* TASK *
Excluding all pictures, please output the listing exactly.

* RECORDED DATA *

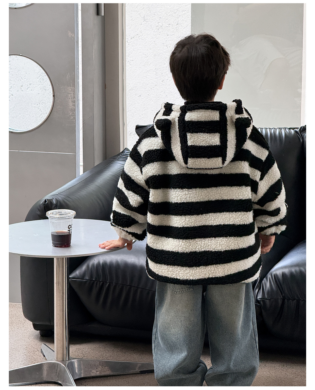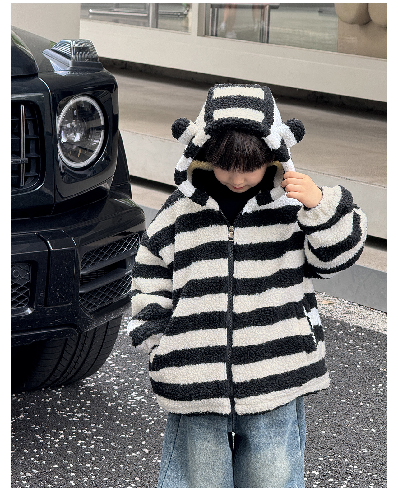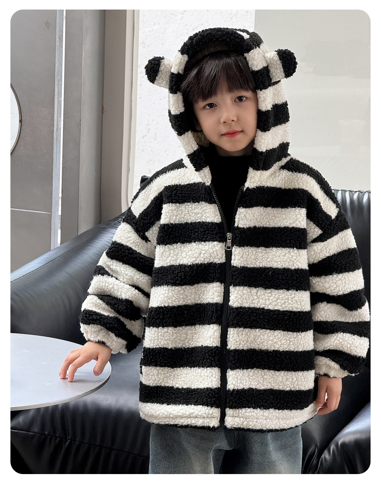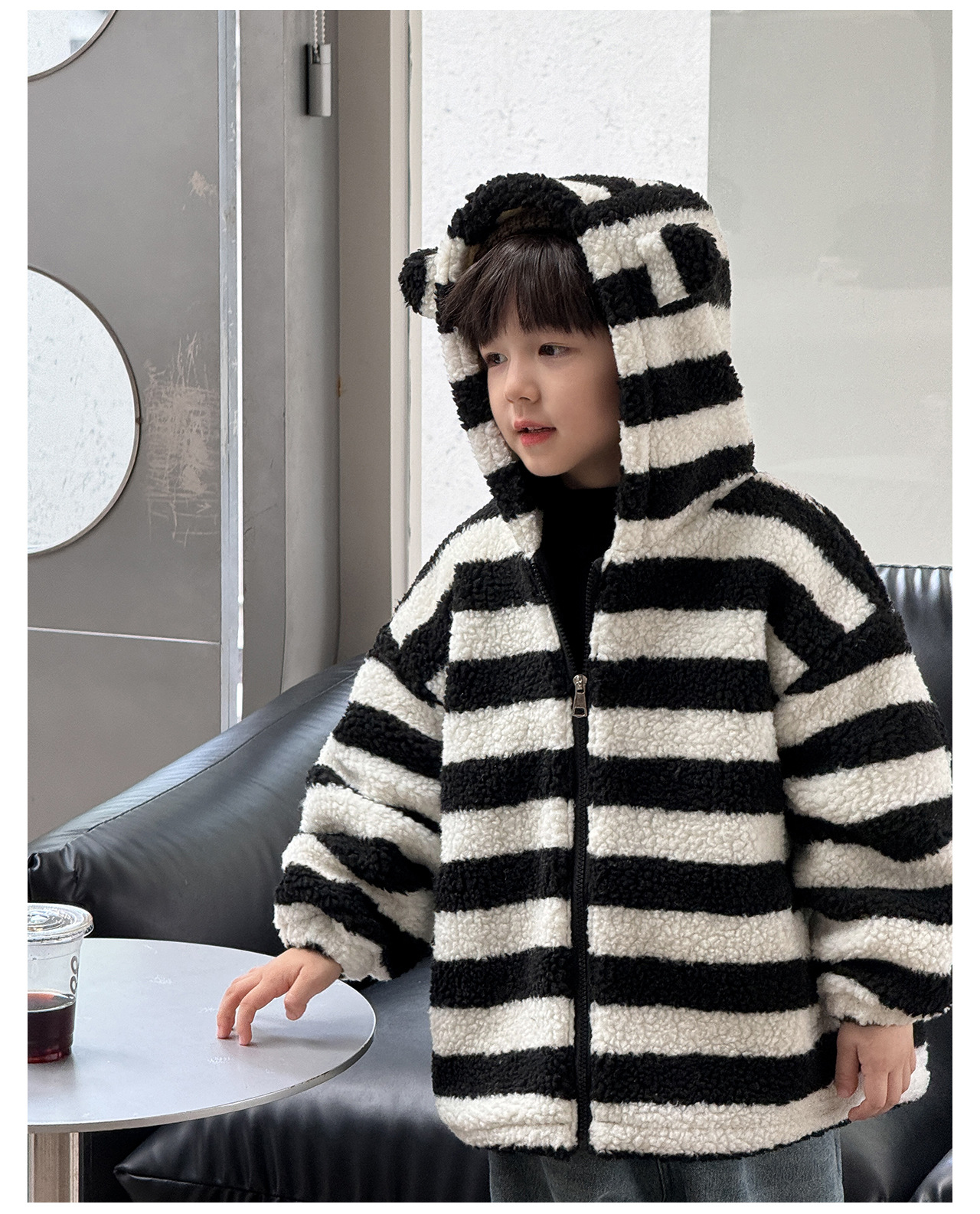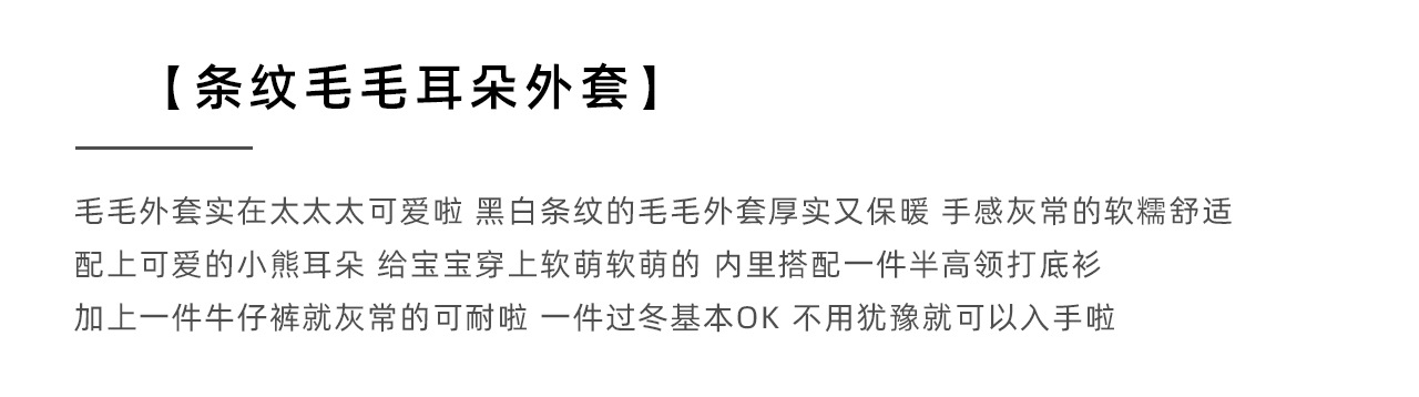 통쿠2025 아동용 겨울 신상품 호주 직조 아동복 귀여운 아기 스트라이프 플러시 귀 장식 남아용 코트스토어 가기
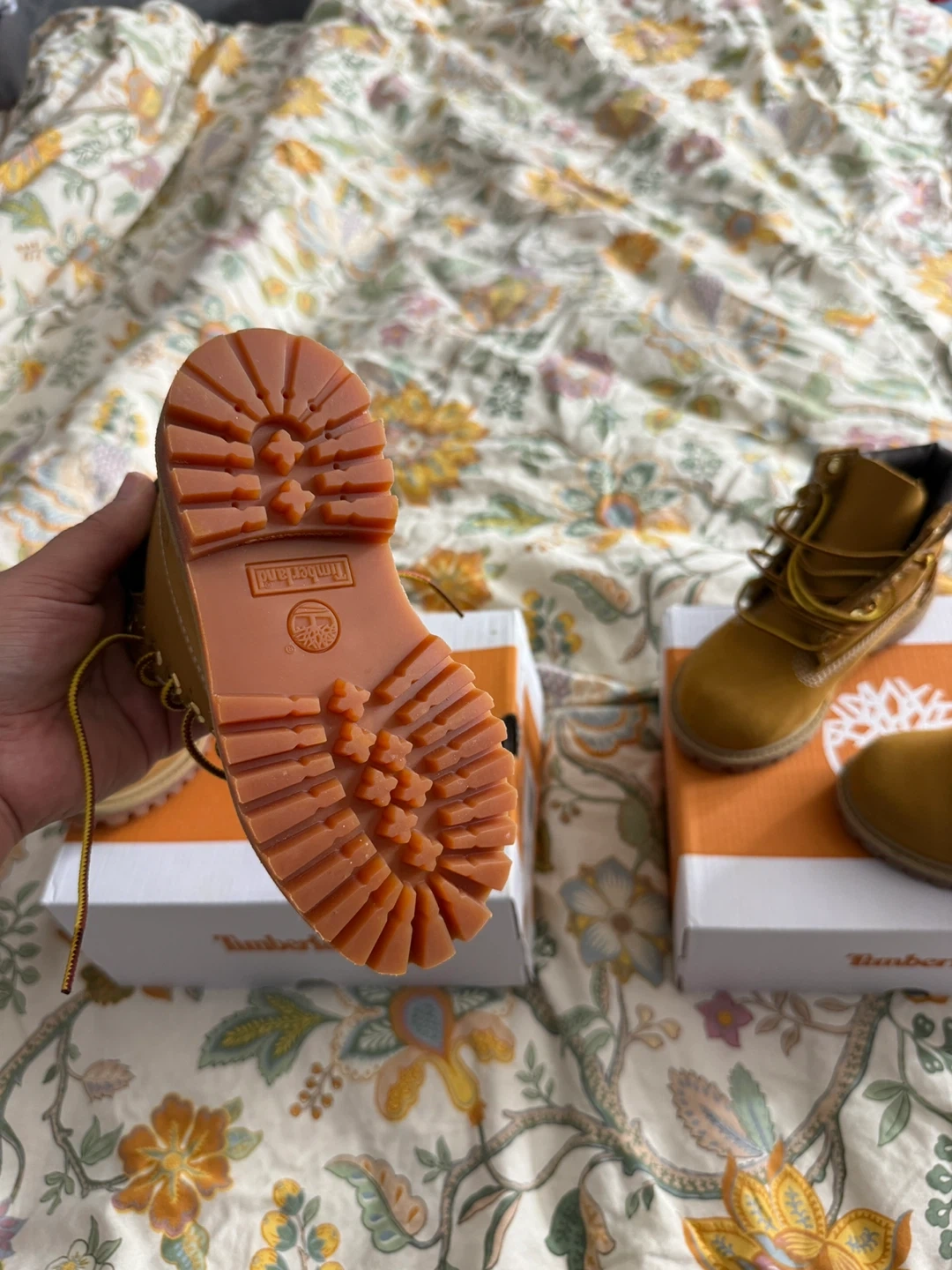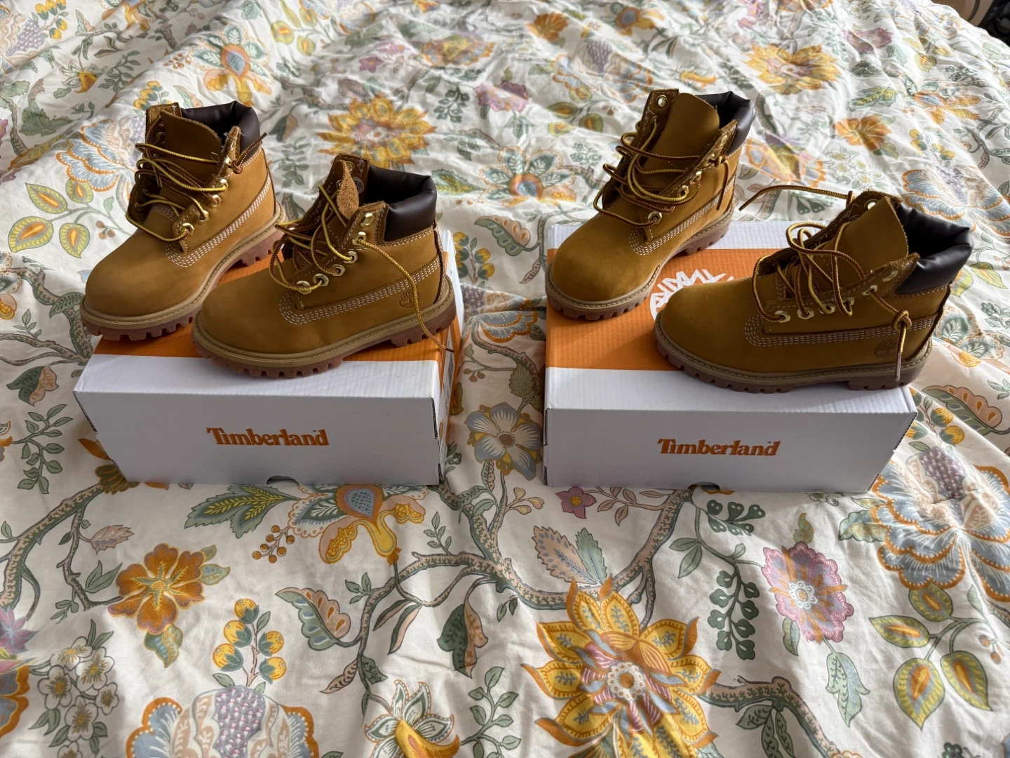 I'm selling these Timberland toddler premium 6-inch waterproof boots. They are in great condition and come with the original box! Perfect for keeping your little one's feet dry and stylish.. worn only once both size 9 good condition
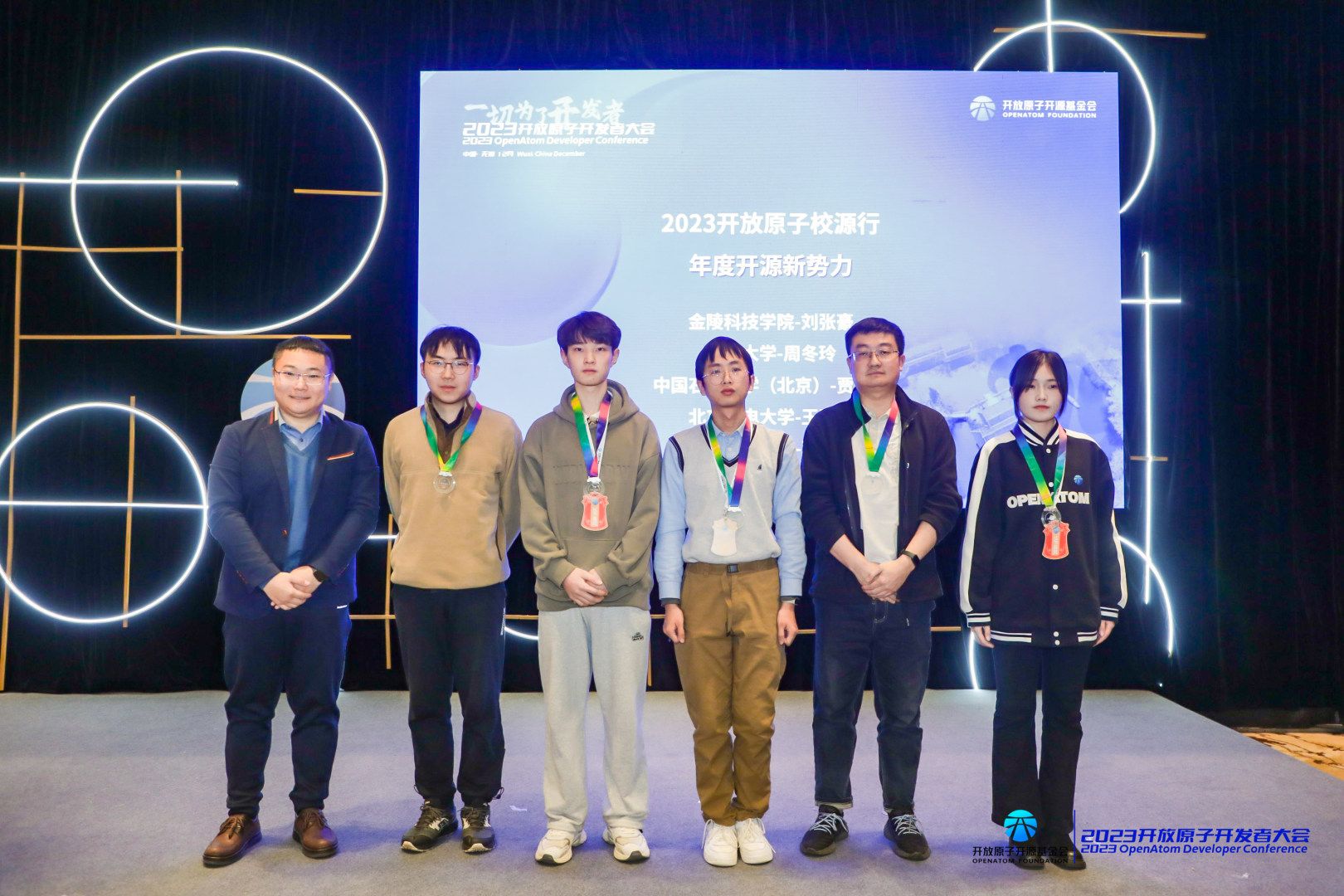大会上举行了开放原子云社区成立仪式,为开放原子开源大赛获奖选手颁奖,我社的刘张豪同学荣获“2023开放原子校源行年度开源新势力”的称号,威尼斯官网的开放原子开源社团荣获“2023开放原子校源行年度开源社团”的称号。社团成员参与了以“新时代,新开发者”为主题的圆桌对话。

* ANSWER BOX *
 통쿠2025 아동용 겨울 신상품 호주 직조 아동복 귀여운 아기 스트라이프 플러시 귀 장식 남아용 코트스토어 가기
 I'm selling these Timberland toddler premium 6-inch waterproof boots. They are in great condition and come with the original box! Perfect for keeping your little one's feet dry and stylish.. worn only once both size 9 good condition
大会上举行了开放原子云社区成立仪式,为开放原子开源大赛获奖选手颁奖,我社的刘张豪同学荣获“2023开放原子校源行年度开源新势力”的称号,威尼斯官网的开放原子开源社团荣获“2023开放原子校源行年度开源社团”的称号。社团成员参与了以“新时代,新开发者”为主题的圆桌对话。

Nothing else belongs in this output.